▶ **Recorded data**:
==*==
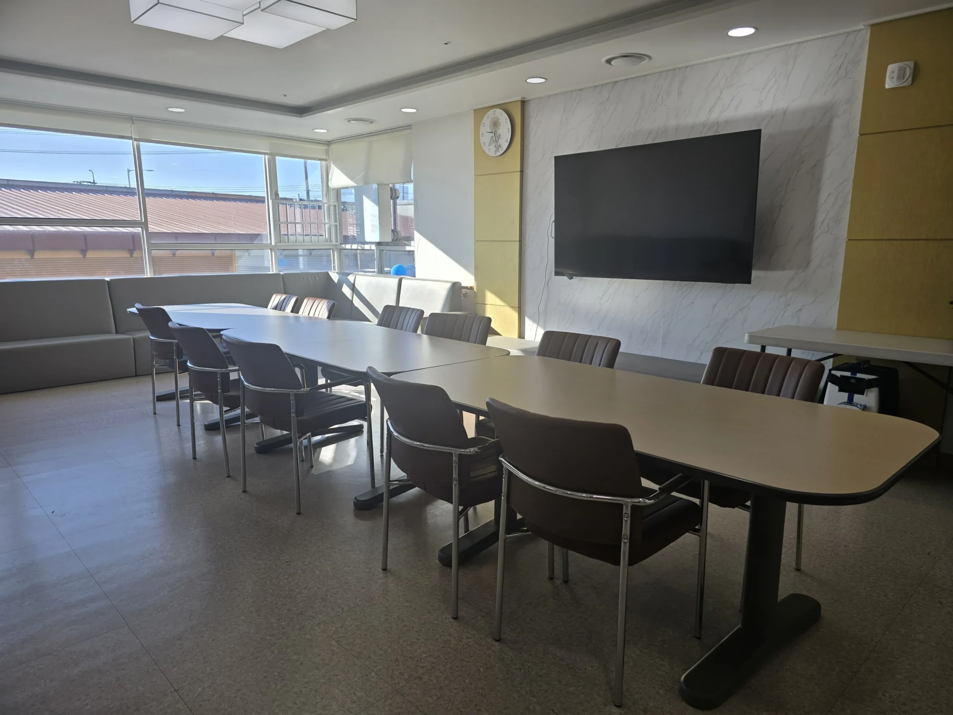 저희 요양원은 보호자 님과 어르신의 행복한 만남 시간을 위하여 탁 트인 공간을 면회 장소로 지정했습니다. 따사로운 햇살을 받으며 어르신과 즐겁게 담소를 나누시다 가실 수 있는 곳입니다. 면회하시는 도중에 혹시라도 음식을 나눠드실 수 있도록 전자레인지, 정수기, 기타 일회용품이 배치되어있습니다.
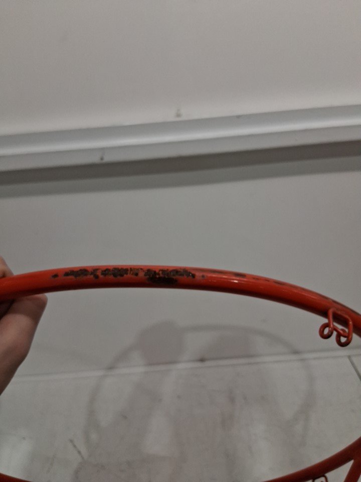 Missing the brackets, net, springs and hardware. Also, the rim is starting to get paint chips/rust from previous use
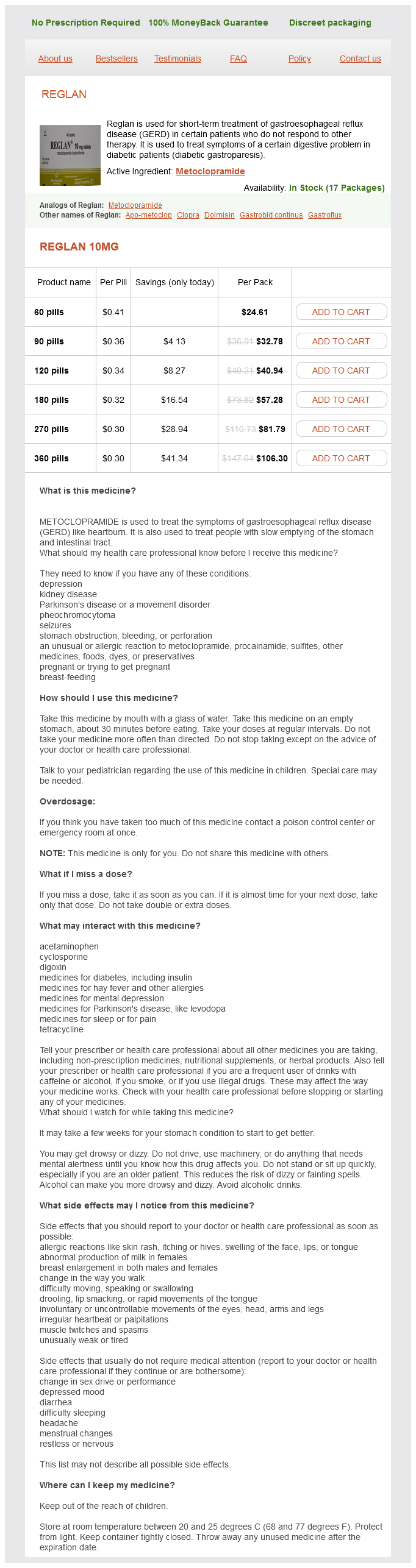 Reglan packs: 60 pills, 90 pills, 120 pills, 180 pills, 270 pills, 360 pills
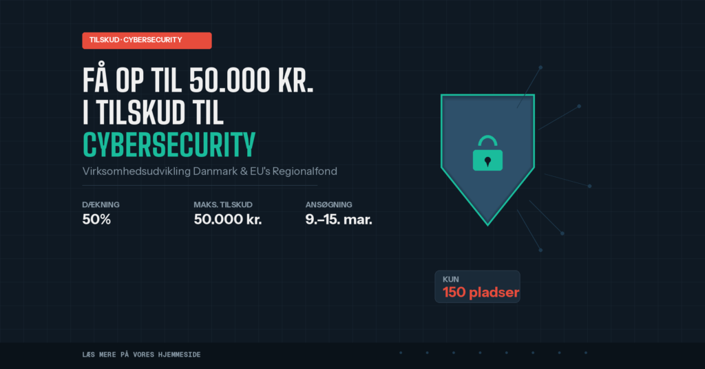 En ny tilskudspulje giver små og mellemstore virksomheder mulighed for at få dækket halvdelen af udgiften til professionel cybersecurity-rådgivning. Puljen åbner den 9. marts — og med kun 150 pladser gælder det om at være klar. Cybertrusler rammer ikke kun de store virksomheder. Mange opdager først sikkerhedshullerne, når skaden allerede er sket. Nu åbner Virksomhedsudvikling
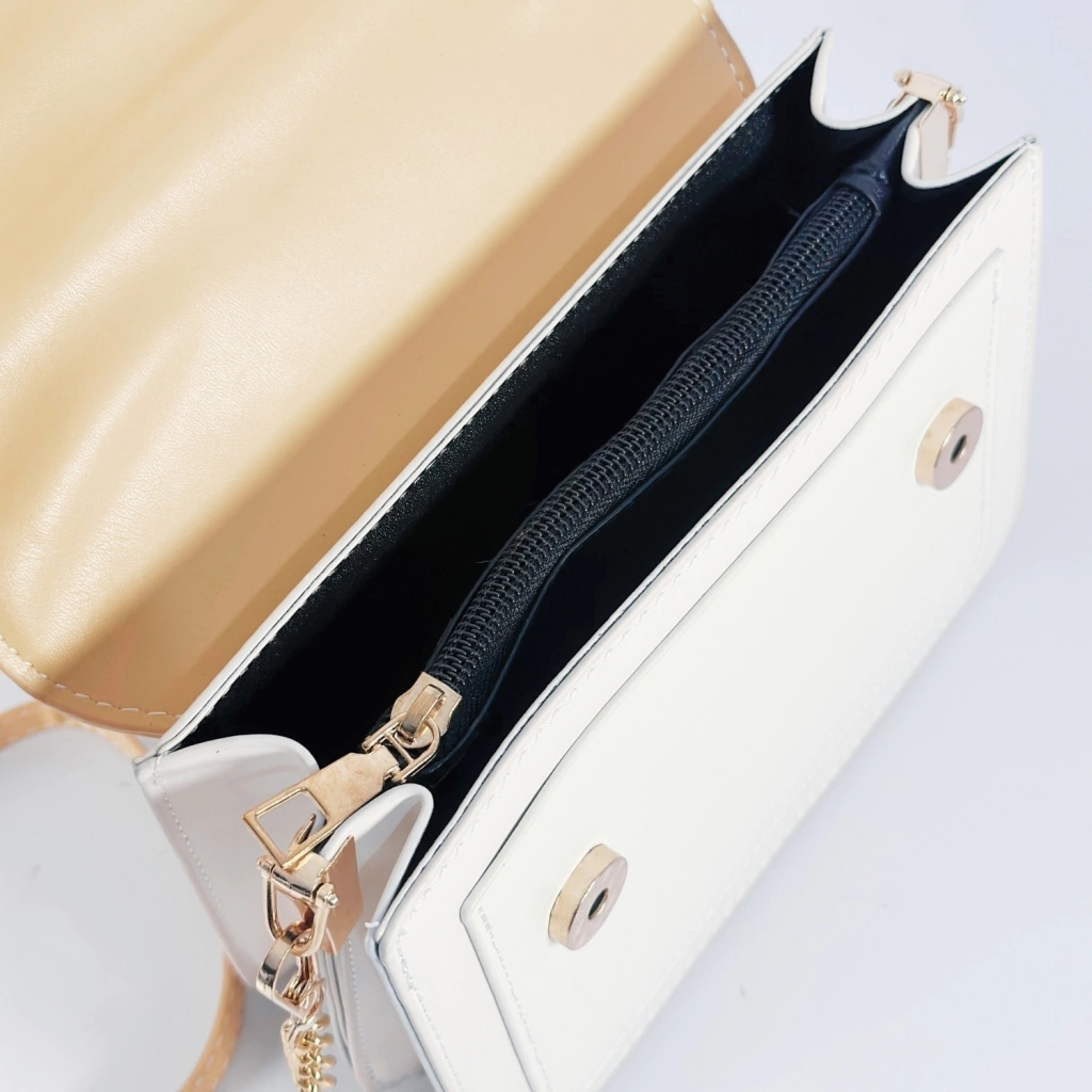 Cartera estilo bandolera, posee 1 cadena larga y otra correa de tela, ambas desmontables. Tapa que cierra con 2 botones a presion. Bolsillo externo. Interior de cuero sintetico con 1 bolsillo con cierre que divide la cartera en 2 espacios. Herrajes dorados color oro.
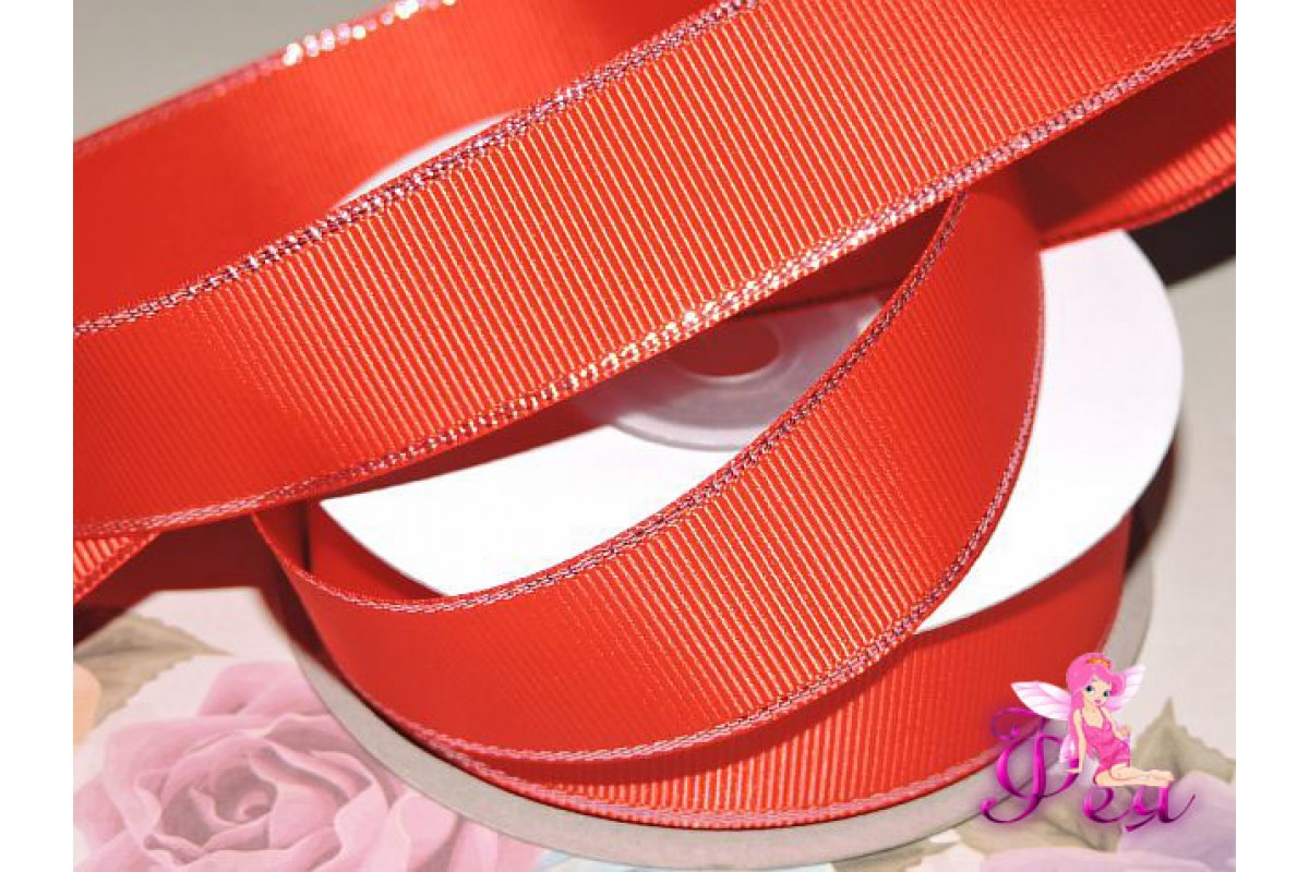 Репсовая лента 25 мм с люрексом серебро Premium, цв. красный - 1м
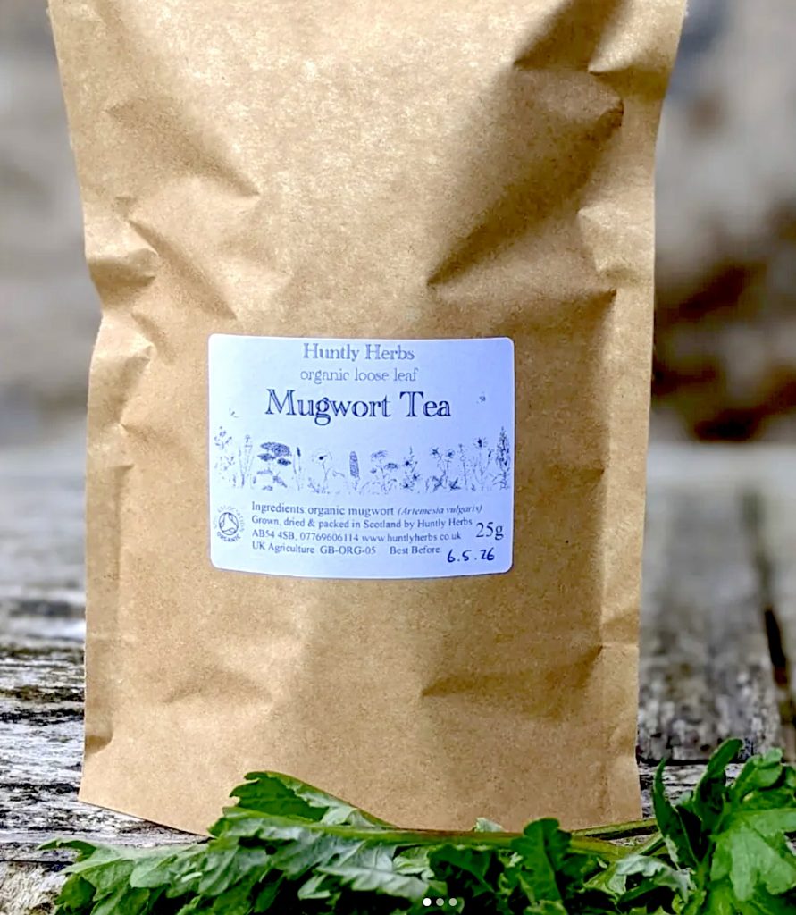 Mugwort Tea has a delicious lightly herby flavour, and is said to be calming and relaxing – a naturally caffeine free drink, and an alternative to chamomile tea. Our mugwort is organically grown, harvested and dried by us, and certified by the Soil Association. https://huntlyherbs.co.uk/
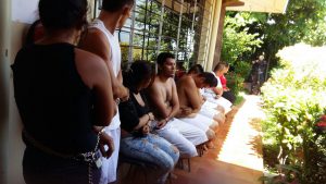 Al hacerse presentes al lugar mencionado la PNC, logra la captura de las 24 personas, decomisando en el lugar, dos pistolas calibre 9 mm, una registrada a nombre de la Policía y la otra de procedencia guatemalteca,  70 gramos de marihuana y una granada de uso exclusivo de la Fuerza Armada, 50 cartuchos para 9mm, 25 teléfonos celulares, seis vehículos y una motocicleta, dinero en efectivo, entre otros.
==*==
Would you transcribe the lines above exactly, going from the line bearing "Cartera estilo bandolera, posee" through the line bearing "Mugwort Tea has", and drop the pictures from the copy?

 Cartera estilo bandolera, posee 1 cadena larga y otra correa de tela, ambas desmontables. Tapa que cierra con 2 botones a presion. Bolsillo externo. Interior de cuero sintetico con 1 bolsillo con cierre que divide la cartera en 2 espacios. Herrajes dorados color oro.
 Репсовая лента 25 мм с люрексом серебро Premium, цв. красный - 1м
 Mugwort Tea has a delicious lightly herby flavour, and is said to be calming and relaxing – a naturally caffeine free drink, and an alternative to chamomile tea. Our mugwort is organically grown, harvested and dried by us, and certified by the Soil Association. https://huntlyherbs.co.uk/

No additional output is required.